Ding Runyu, Yang Jihan, Xue Chuhui, Zhang Wenqing, Bai Song, Qi Xiaojuan
IEEE Trans Pattern Anal Mach Intell. 2024 Dec;46(12):8517-8533. doi: 10.1109/TPAMI.2024.3410324. Epub 2024 Nov 6.
Open-world instance-level scene understanding aims to locate and recognize unseen object categories that are not present in the annotated dataset. This task is challenging because the model needs to both localize novel 3D objects and infer their semantic categories. A key factor for the recent progress in 2D open-world perception is the availability of large-scale image-text pairs from the Internet, which cover a wide range of vocabulary concepts. However, this success is hard to replicate in 3D scenarios due to the scarcity of 3D-text pairs.

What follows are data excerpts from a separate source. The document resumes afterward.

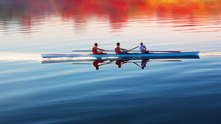 Synchronized Rowing at Sunrise Teamwork and Grace in a Serene Natural Setting on Calm Water
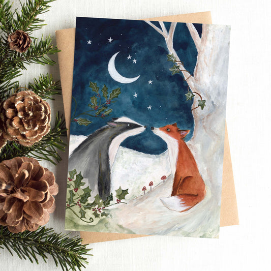 Yule Encounter Card | Woodland Animal Festive Card | Fox & Badger
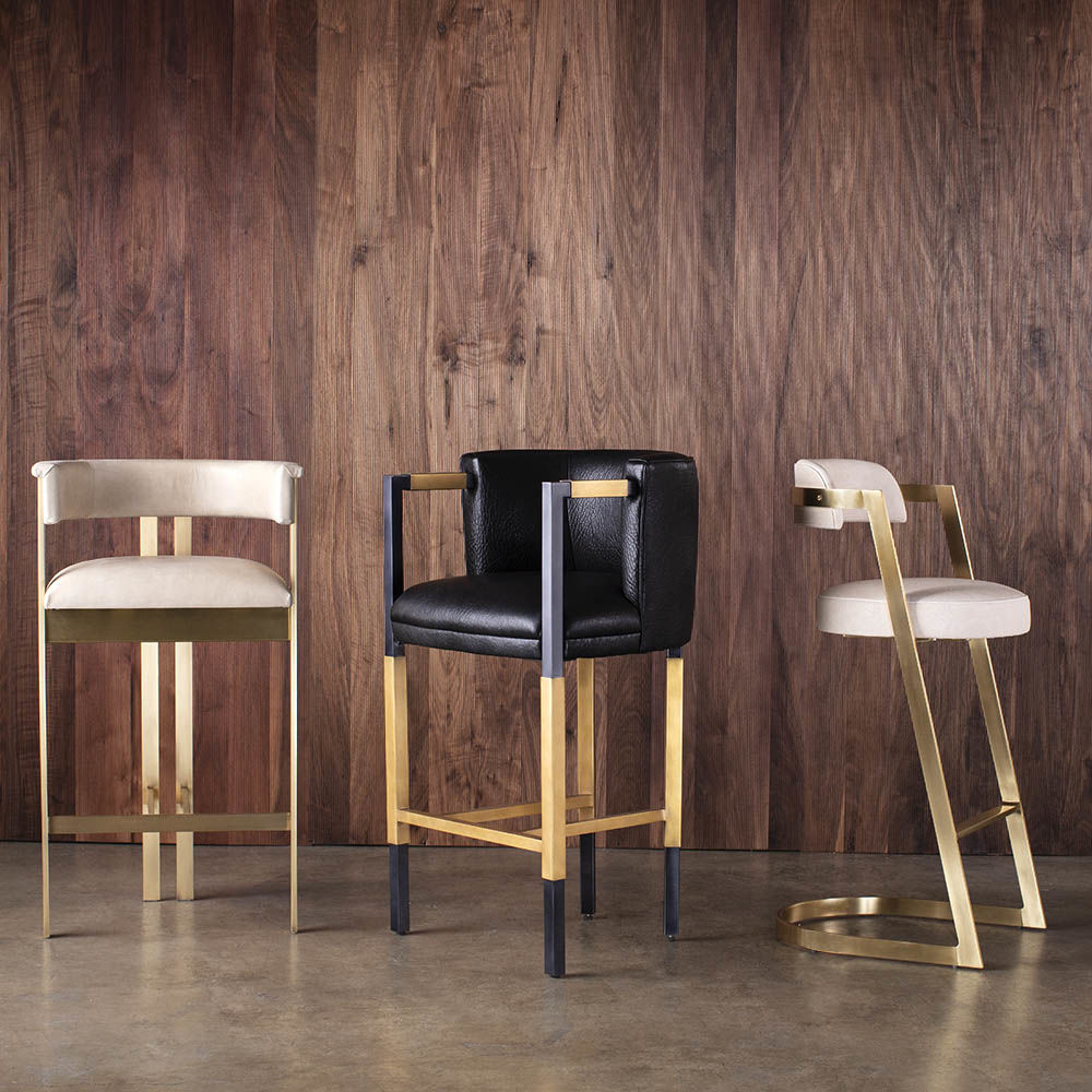 标志性的Elliot吧椅结合了简洁的线条和经典的乡土风格。 这款软垫凳子配有成对的黄铜吧腿,饰有抛光黄铜或油擦黄铜饰面。 座椅有各种精选面料和皮革可供选择。
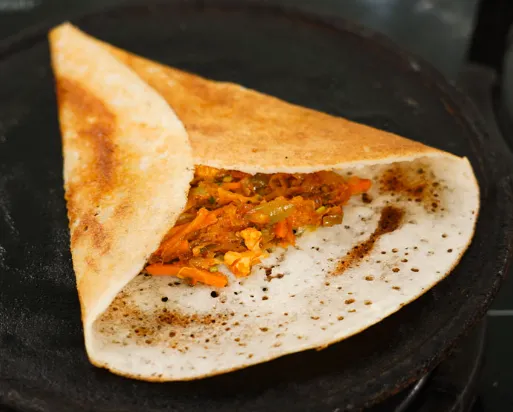 Crispy dosa filled with spiced mushrooms for a savory and delicious twist.
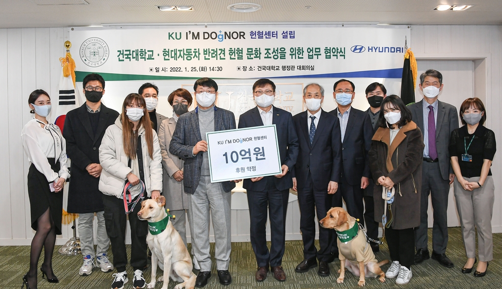 (서울=연합뉴스) 박성민 기자 = 현대차[005380]는 건국대와 업무협약(MOU)을 맺고 이 대학이 추진하는 반려견 헌혈센터 설립·운영을 위해 매년 2억원씩 5년간 총 10억원을 후원하기로 했다고 26일 밝혔다.
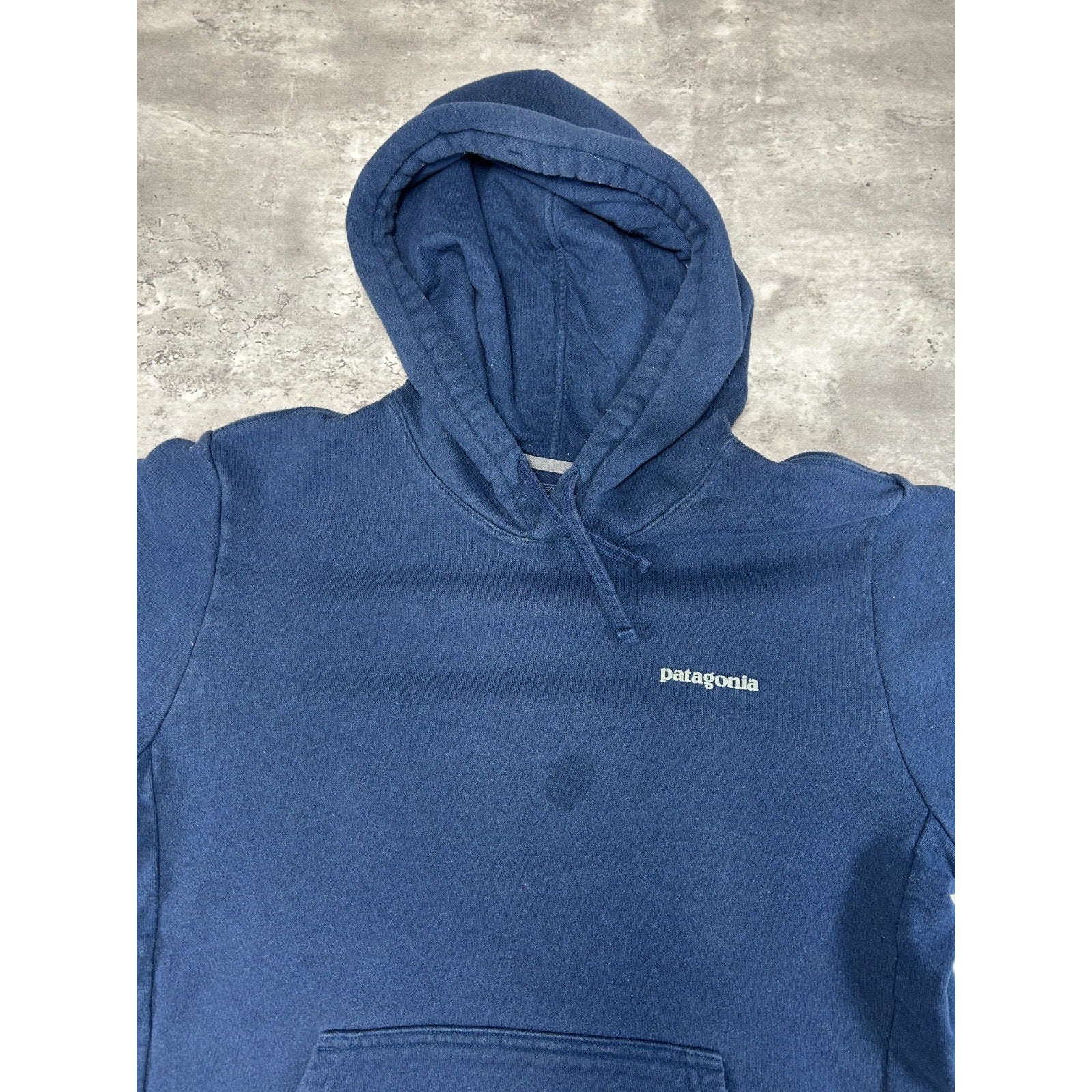 Patagonia Graphic Spellout Pullover Hooded Sweatshirt Size Medium Navy Blue
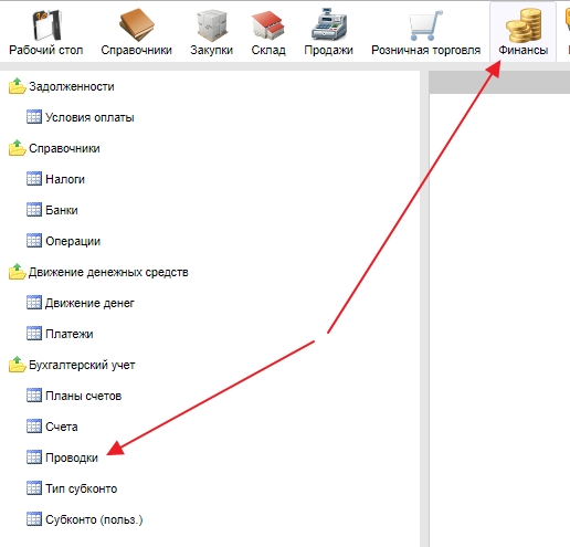 Проводки формируются в меню Финансы - Бухгалтерский учет - Проводки.

To address this challenge, we propose to harness pre-trained vision-language (VL) foundation models that encode extensive knowledge from image-text pairs to generate captions for multi-view images of 3D scenes. This allows us to establish explicit associations between 3D shapes and semantic-rich captions. Moreover, to enhance the fine-grained visual-semantic representation learning from captions for object-level categorization, we design hierarchical point-caption association methods to learn semantic-aware embeddings that exploit the 3D geometry between 3D points and multi-view images. In addition, to tackle the localization challenge for novel classes in the open-world setting, we develop debiased instance localization, which involves training object grouping modules on unlabeled data using instance-level pseudo supervision. This significantly improves the generalization capabilities of instance grouping and, thus, the ability to accurately locate novel objects. We conduct extensive experiments on 3D semantic, instance, and panoptic segmentation tasks, covering indoor and outdoor scenes across three datasets. Our method outperforms baseline methods by a significant margin in semantic segmentation (e.g. 34.5% ∼ 65.3%), instance segmentation (e.g. 21.8% ∼ 54.0%), and panoptic segmentation (e.g. 14.7% ∼ 43.3%). Code will be available.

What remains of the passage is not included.